Stereo Depth Algorithm
Function Introduction
The stereo depth estimation algorithm uses the StereoNet
model trained by Horizon OpenExplorer on the SceneFlow dataset.
The algorithm takes stereo image data (left and right views) as input and outputs the depth map for the left view.
This example uses a stereo camera as the image data input source, leverages the BPU for algorithm inference, and publishes topic messages containing the left image of the stereo pair and the perception results, which are then rendered on rviz2 on a PC.
Supported Platforms
Platform | Operating Mode | Supported Features |
---|---|---|
RDK X5, RDK X5 Module, The RDK S100 currently only supports starting with the ZED stereo camera. | Ubuntu 22.04 (Humble) | · Start stereo camera, infer depth results, and display on Web interface |
Preparation
RDK Platform
-
The RDK has been flashed with the Ubuntu 22.04 system image.
-
TogetheROS.Bot has been successfully installed on the RDK.
-
An MIPI or USB stereo camera has been installed on the RDK. Currently, the official MIPI stereo camera for RDK X5 and the ZED stereo camera are supported.
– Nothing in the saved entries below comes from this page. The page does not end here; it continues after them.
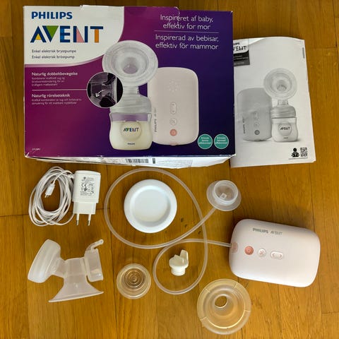 Philips käsikäyttöinen rintapumppu, mukana kaksi rintakumia ja kaksi maidonkerääjää.
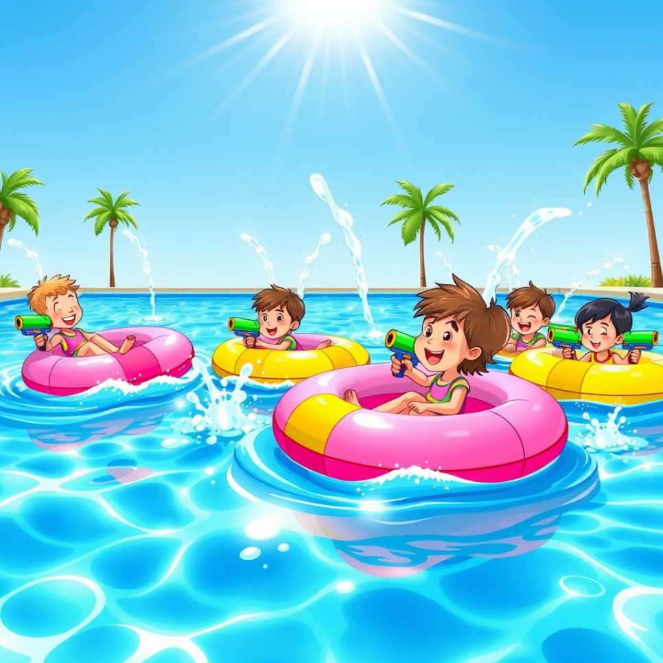수영장에서는 물총 싸움이 시작되었다. 튜브에 앉아 빙글빙글 돌고, 다이빙도 해보고, 물속에서 숨바꼭질도 했다. 물방울이 튀며 모두 얼굴에 즐거운 웃음을 가득 채웠다.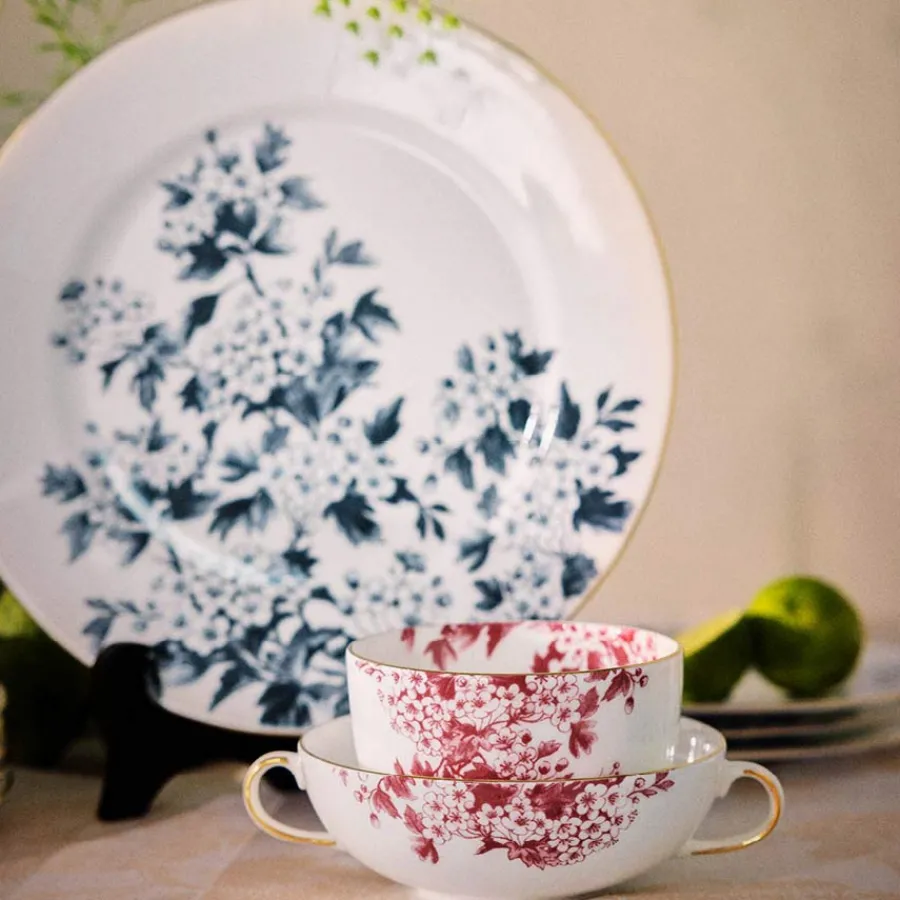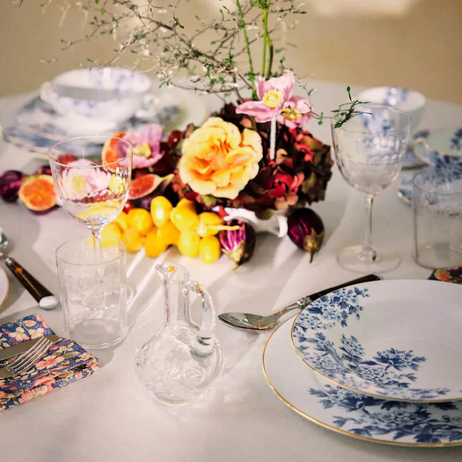 Designet av ByTimo, denne store middagstallerkenen er dekorert med vakre blå blomster og elegante gulldetaljer. Tallerkenen er inspirert av vintage engelsk porselen og gir bordet et sofistikert preg. Laget i benporselen, er den slitesterk og perfekt for både festlige måltider og hverdagsbruk.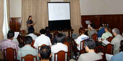 「新潟まち遺産の会」発足会 6月26日、新潟市歴史博物館の旧第四銀行住吉町支店の二階会議室で「新潟まち遺産の会」の発足会が開かれました。 同会は絵屋の裏にかつてあった「東厩島町の町屋」の移築支援活動を機に2002年4月に発足した「新潟の町屋を生かす会」の活動を引き継ぎ、より広い視点で新潟に残る建造物を中心とした歴史的遺産の継承と活用を、市民の立場で支援することを目的に発足したものです(初代の世話人代表を絵屋代表でもある大倉がつとめます)。発足会の最後に同会副代表でもある岡崎篤行さん(新潟大学助教授)が映像を交え、新潟にのこるさまざまな「まち遺産」を紹介。改めて新潟の歴史の奥行きを実感しました。 会では再建の目処のたっていない町屋の解体部材の有効活用を模索していくとともに、新潟の「まち遺産」の価値を広く訴える活動を展開していく予定で、第1弾として、来春までに町屋を活用した新潟の店舗マップを作成予定とのこと。 なお同会は正会員(年会費3000円)と賛助会員(同1000円)を募集しています。入会希望の方は下記までご連絡下さい。 ●新潟まち遺産の会 (事務所 伊藤純一アトリエ内) TEL025-228-2536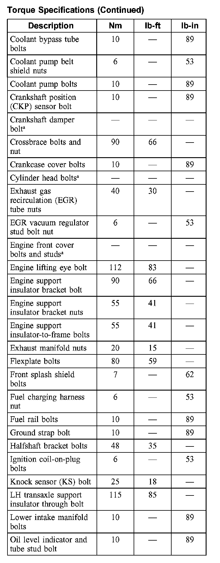 Torque Specifications
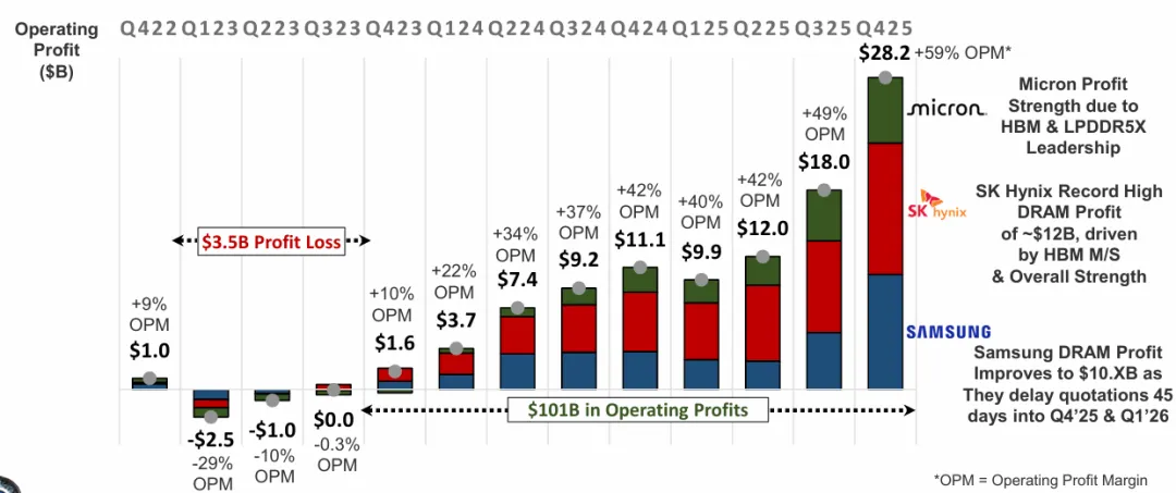 运营利润率(OPM):SK海力士以58% 的OPM领先,三星为47%,美光为46%。报告预测,到2026年第一季度,三家的OPM将进一步提升至61%-76%的区间。

If no stereo camera is available, users can also use offline data for replay to obtain depth estimation results.
-
Ensure that the PC can access the RDK over the network.
Usage Instructions
Function Installation and Update
- Before running the stereo depth algorithm, ensure that the system image version is
3.2.1
or above. Use the following command to check the system version:
cat /etc/version
-
If the system version does not meet the requirement, refer to section
1.2
for instructions on flashing the image. -
Additionally, ensure that the
tros-humble-hobot-stereonet
package is at version 2.4.2. Use the following command to check the package version:
apt list | grep tros-humble-hobot-stereonet/
- If using the official MIPI stereo camera for RDK X5, ensure that the
tros-humble-mipi-cam
package is at version 2.3.8. Use the following command to check the package version:
apt list | grep tros-humble-mipi-cam/
- If using the ZED stereo camera, ensure that the
tros-humble-hobot-zed-cam
package is at version 2.3.3. Use the following command to check the package version:
apt list | grep tros-humble-hobot-zed-cam/
- If the package versions do not meet the requirements, update them by running the following commands in the RDK terminal:
apt update
apt upgrade
Stereo Algorithm Versions
The following versions of the stereo algorithm are currently available:
Algorithm Version | Algorithm Characteristics |
---|---|
V2.0 | High accuracy, low frame rate, outputs a 15FPS depth map with a resolution of 640*352 |
V2.2 | Lower accuracy, higher frame rate, outputs a 23FPS depth map with a resolution of 640*352 |
V2.3 | Further improved frame rate, outputs a 27FPS depth map with a resolution of 640*352 |
Starting Stereo Image Publishing, Algorithm Inference, and Image Visualization
Note: Please execute the commands in this document using theroot
user. Other users may encounter permission issues leading to unnecessary errors.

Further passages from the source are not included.